- _Source data_:
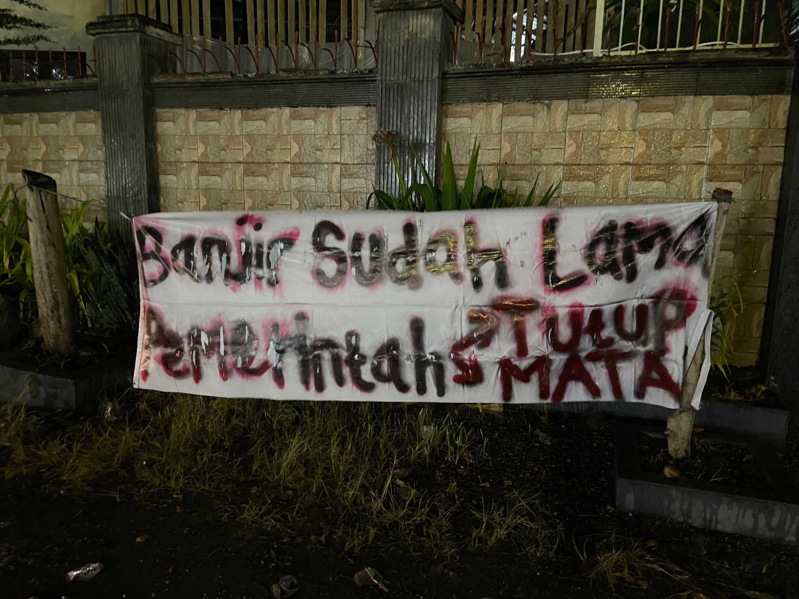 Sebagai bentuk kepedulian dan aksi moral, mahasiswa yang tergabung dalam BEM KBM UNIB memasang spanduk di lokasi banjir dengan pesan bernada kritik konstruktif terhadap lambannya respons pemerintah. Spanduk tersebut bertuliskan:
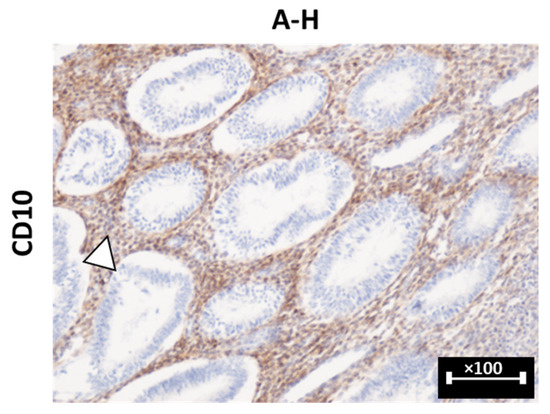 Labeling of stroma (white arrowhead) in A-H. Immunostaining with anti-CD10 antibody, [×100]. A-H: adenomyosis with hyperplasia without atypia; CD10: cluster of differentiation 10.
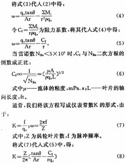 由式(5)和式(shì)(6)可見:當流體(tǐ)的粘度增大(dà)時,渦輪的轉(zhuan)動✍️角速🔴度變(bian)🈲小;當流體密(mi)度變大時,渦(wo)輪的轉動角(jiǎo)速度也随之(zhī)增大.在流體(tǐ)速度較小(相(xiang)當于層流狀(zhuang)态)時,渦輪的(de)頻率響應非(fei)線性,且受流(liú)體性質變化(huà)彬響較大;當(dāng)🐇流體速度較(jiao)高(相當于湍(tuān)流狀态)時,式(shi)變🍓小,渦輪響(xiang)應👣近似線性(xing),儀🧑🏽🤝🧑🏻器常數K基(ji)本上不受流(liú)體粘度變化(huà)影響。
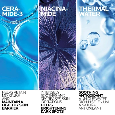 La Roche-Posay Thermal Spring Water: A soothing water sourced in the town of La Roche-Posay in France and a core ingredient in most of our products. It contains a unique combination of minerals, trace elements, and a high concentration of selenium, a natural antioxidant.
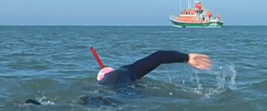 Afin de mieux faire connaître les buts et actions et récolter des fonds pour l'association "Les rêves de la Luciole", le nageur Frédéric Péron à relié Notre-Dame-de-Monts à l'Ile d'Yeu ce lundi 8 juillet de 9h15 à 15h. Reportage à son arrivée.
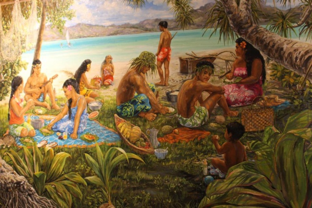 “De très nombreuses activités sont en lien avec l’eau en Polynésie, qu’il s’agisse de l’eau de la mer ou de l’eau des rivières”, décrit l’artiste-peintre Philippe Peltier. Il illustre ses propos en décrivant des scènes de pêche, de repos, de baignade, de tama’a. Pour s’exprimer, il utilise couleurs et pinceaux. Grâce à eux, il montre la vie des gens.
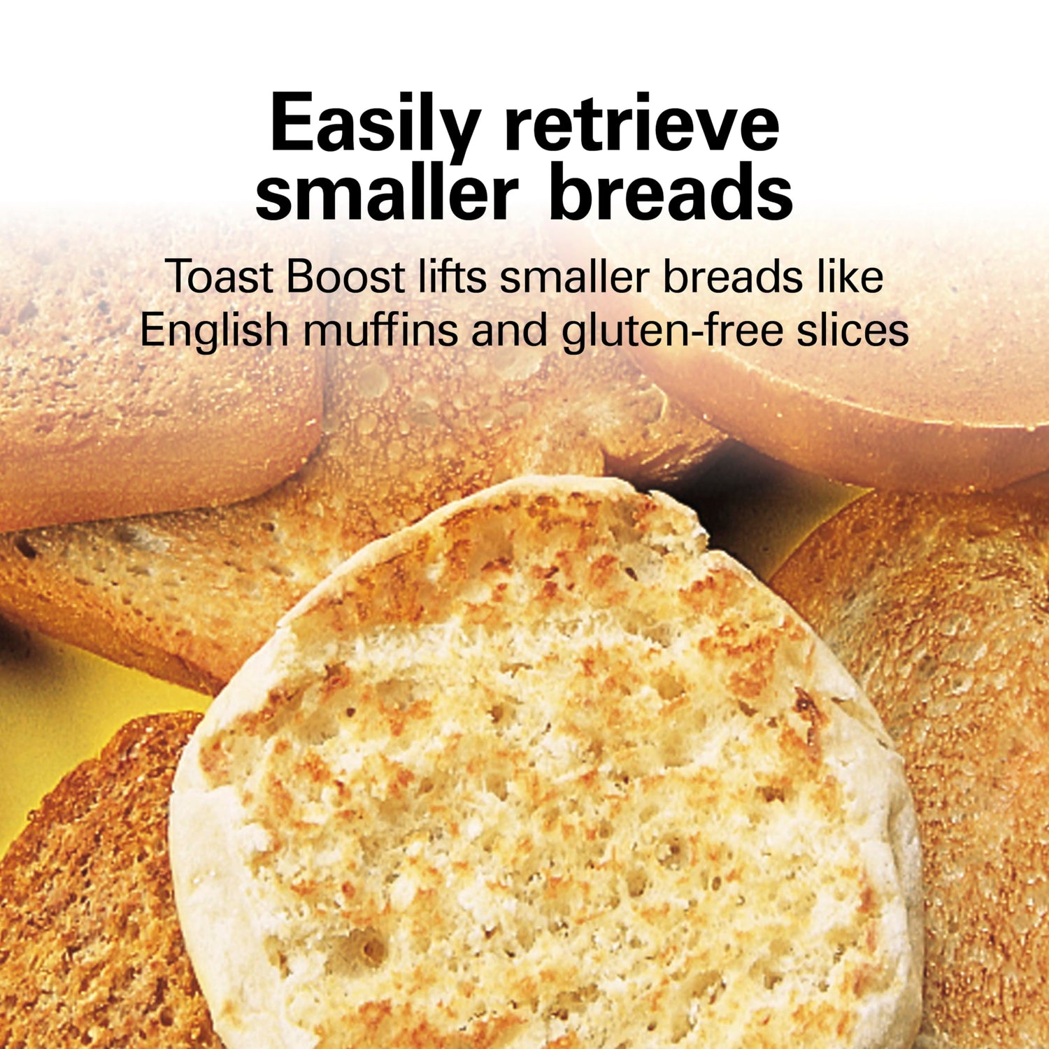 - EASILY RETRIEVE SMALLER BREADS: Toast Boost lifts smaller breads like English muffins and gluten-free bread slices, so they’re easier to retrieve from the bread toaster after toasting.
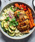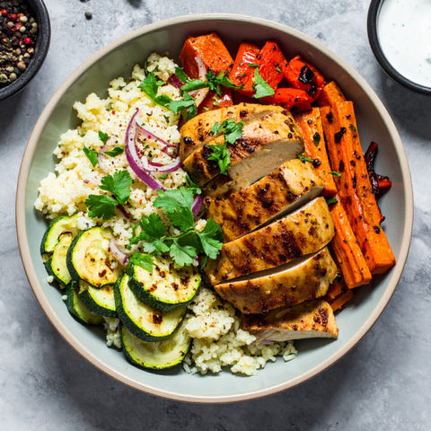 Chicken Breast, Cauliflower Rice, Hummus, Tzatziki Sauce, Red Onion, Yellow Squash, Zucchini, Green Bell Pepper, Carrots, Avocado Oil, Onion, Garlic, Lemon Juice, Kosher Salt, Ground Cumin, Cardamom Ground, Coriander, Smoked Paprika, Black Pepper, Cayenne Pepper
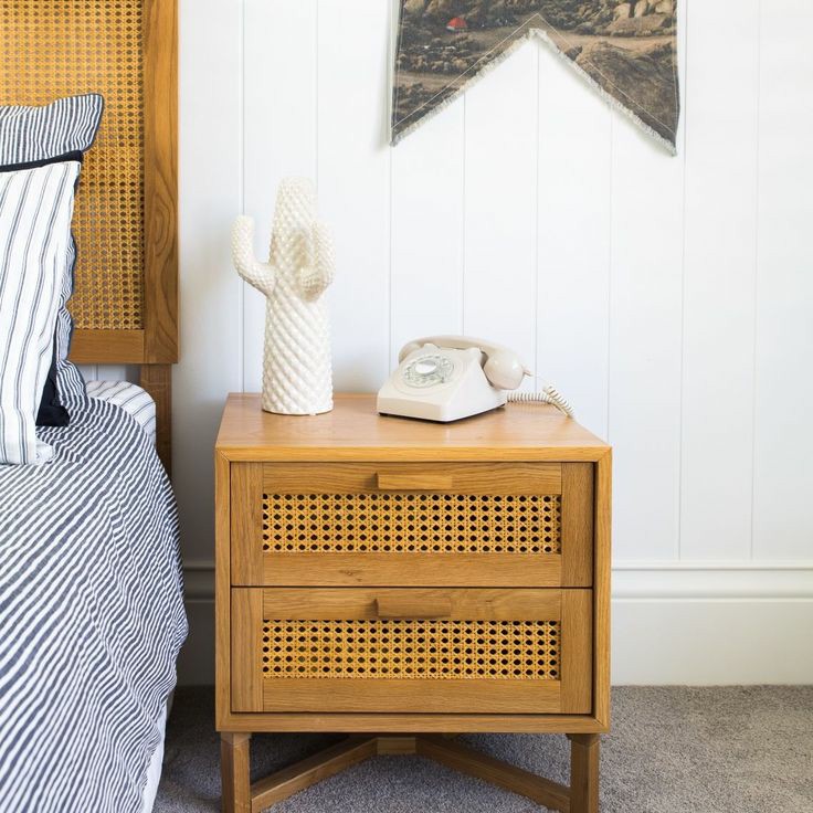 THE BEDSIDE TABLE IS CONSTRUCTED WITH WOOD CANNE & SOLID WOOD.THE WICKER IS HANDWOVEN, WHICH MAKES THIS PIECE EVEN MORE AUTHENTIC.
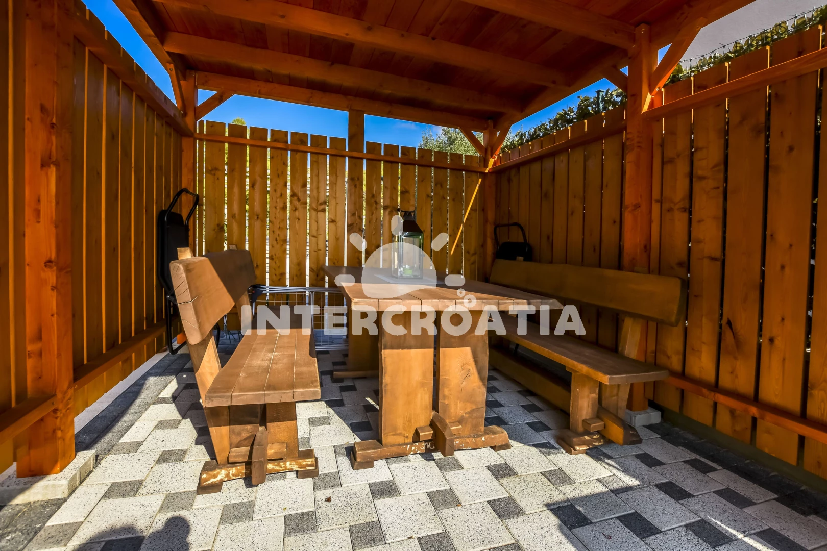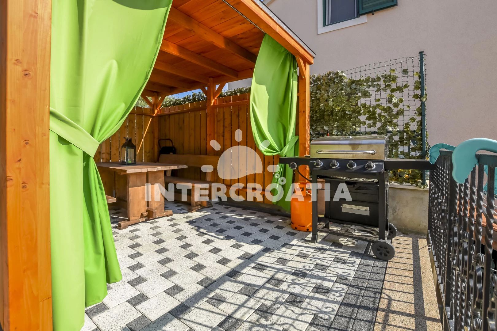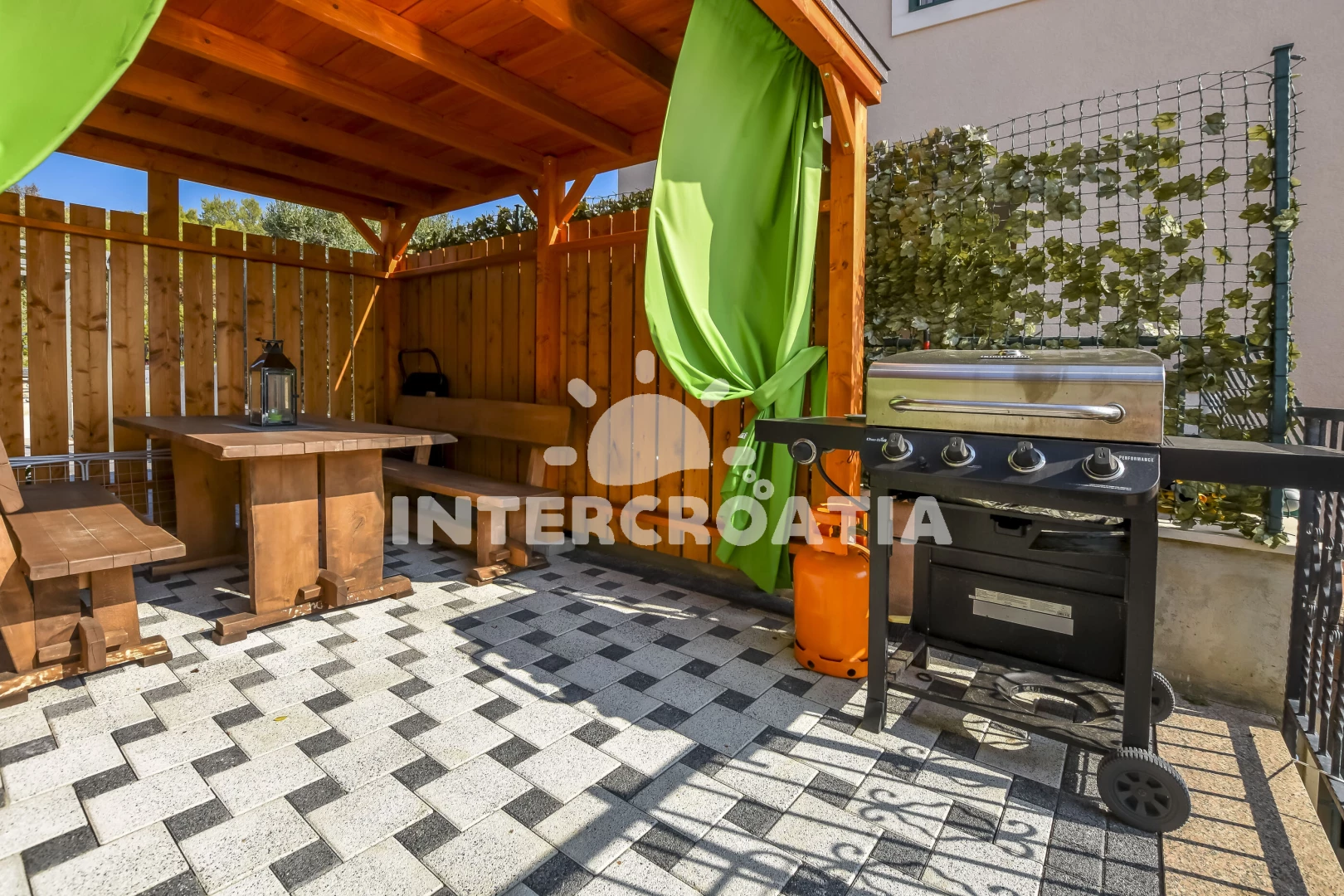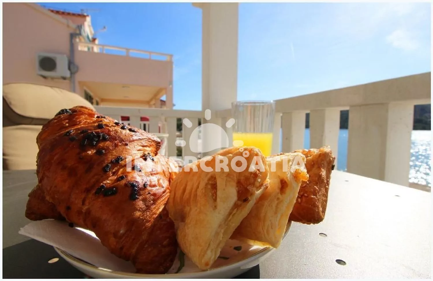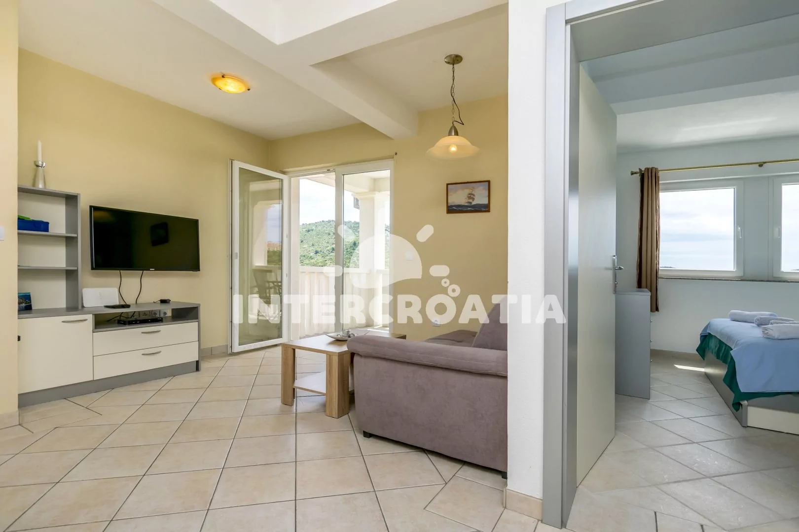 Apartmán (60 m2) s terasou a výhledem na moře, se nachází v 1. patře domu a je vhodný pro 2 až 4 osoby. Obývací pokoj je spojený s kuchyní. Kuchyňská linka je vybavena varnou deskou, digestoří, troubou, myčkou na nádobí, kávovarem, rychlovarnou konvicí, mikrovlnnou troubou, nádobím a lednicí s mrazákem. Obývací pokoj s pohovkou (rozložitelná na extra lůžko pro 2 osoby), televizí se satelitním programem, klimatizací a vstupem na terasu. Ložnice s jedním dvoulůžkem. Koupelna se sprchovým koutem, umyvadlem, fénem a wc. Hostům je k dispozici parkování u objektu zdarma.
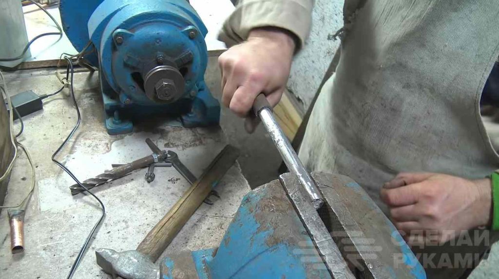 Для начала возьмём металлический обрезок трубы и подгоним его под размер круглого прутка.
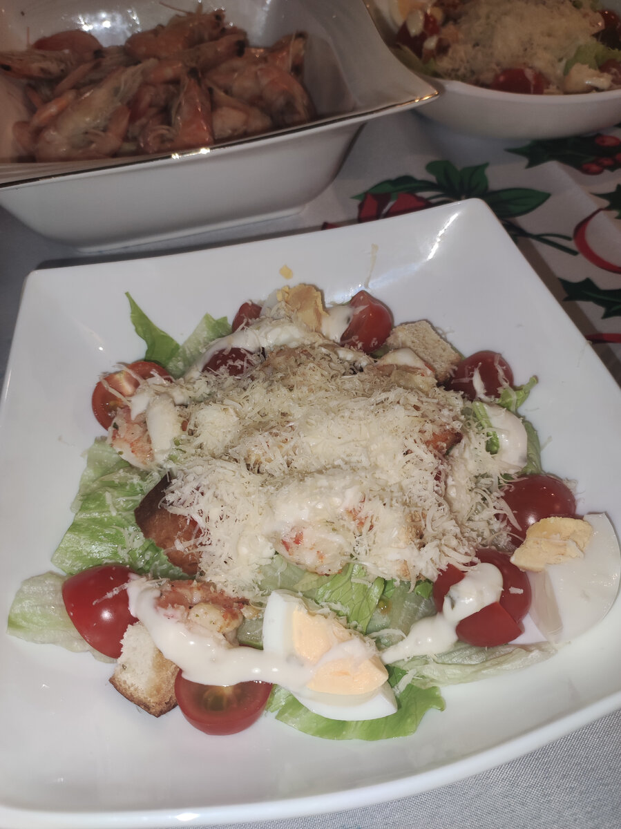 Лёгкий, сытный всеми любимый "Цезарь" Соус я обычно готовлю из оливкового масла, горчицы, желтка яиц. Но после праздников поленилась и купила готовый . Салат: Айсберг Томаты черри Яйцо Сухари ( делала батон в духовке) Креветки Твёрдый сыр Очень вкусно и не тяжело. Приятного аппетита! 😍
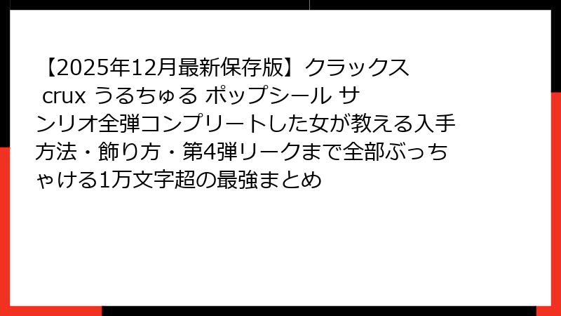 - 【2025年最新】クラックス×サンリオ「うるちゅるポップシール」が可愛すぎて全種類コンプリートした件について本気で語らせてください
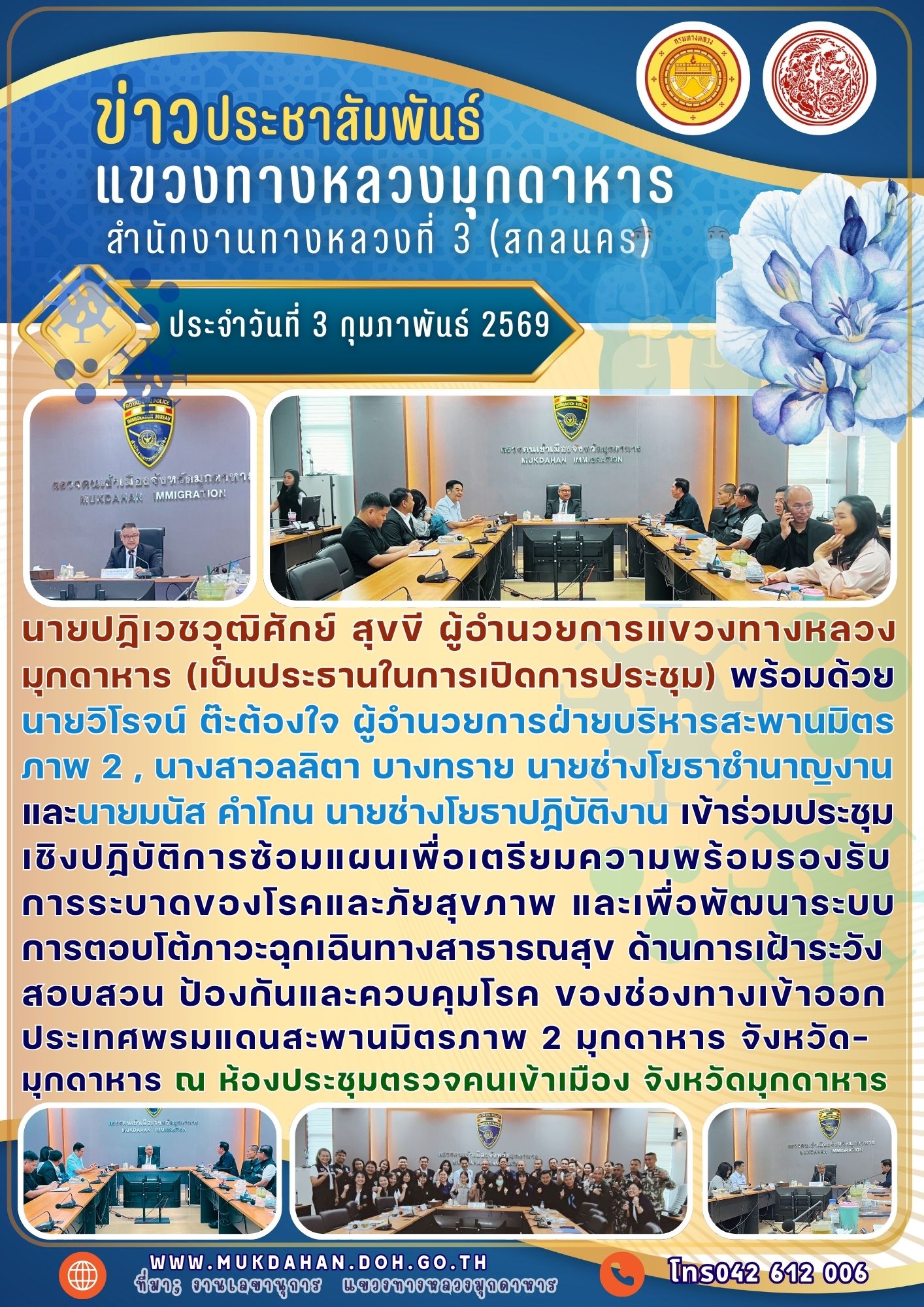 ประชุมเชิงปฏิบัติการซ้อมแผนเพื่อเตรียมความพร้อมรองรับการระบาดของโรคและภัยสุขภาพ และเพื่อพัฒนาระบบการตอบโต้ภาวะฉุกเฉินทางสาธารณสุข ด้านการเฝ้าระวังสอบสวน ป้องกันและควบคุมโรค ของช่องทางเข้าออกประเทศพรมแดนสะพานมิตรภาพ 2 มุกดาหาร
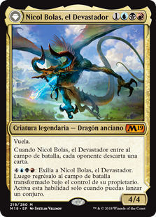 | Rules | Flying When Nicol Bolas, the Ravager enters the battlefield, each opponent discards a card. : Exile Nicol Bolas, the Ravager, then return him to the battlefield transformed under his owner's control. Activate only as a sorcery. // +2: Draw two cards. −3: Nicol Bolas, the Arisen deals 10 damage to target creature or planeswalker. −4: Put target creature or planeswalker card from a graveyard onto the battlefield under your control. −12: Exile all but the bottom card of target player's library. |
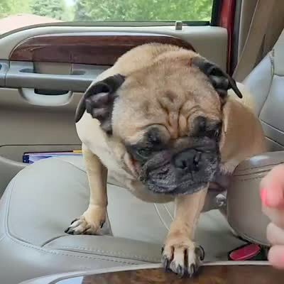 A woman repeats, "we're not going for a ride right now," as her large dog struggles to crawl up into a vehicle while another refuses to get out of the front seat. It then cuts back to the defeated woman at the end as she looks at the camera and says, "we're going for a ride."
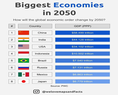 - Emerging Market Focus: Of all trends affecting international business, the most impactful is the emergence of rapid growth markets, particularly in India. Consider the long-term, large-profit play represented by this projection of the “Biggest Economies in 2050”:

- _Problem description_:
The copy should hold only the lines from the one with "由式(5)和式(shì)(6" through the one with "vie des gens.", exactly as they stand above. Leave out the pictures.

- _Exercise output_:
 由式(5)和式(shì)(6)可見:當流體(tǐ)的粘度增大(dà)時,渦輪的轉(zhuan)動✍️角速🔴度變(bian)🈲小;當流體密(mi)度變大時,渦(wo)輪的轉動角(jiǎo)速度也随之(zhī)增大.在流體(tǐ)速度較小(相(xiang)當于層流狀(zhuang)态)時,渦輪的(de)頻率響應非(fei)線性,且受流(liú)體性質變化(huà)彬響較大;當(dāng)🐇流體速度較(jiao)高(相當于湍(tuān)流狀态)時,式(shi)變🍓小,渦輪響(xiang)應👣近似線性(xing),儀🧑🏽🤝🧑🏻器常數K基(ji)本上不受流(liú)體粘度變化(huà)影響。
 La Roche-Posay Thermal Spring Water: A soothing water sourced in the town of La Roche-Posay in France and a core ingredient in most of our products. It contains a unique combination of minerals, trace elements, and a high concentration of selenium, a natural antioxidant.
 Afin de mieux faire connaître les buts et actions et récolter des fonds pour l'association "Les rêves de la Luciole", le nageur Frédéric Péron à relié Notre-Dame-de-Monts à l'Ile d'Yeu ce lundi 8 juillet de 9h15 à 15h. Reportage à son arrivée.
 “De très nombreuses activités sont en lien avec l’eau en Polynésie, qu’il s’agisse de l’eau de la mer ou de l’eau des rivières”, décrit l’artiste-peintre Philippe Peltier. Il illustre ses propos en décrivant des scènes de pêche, de repos, de baignade, de tama’a. Pour s’exprimer, il utilise couleurs et pinceaux. Grâce à eux, il montre la vie des gens.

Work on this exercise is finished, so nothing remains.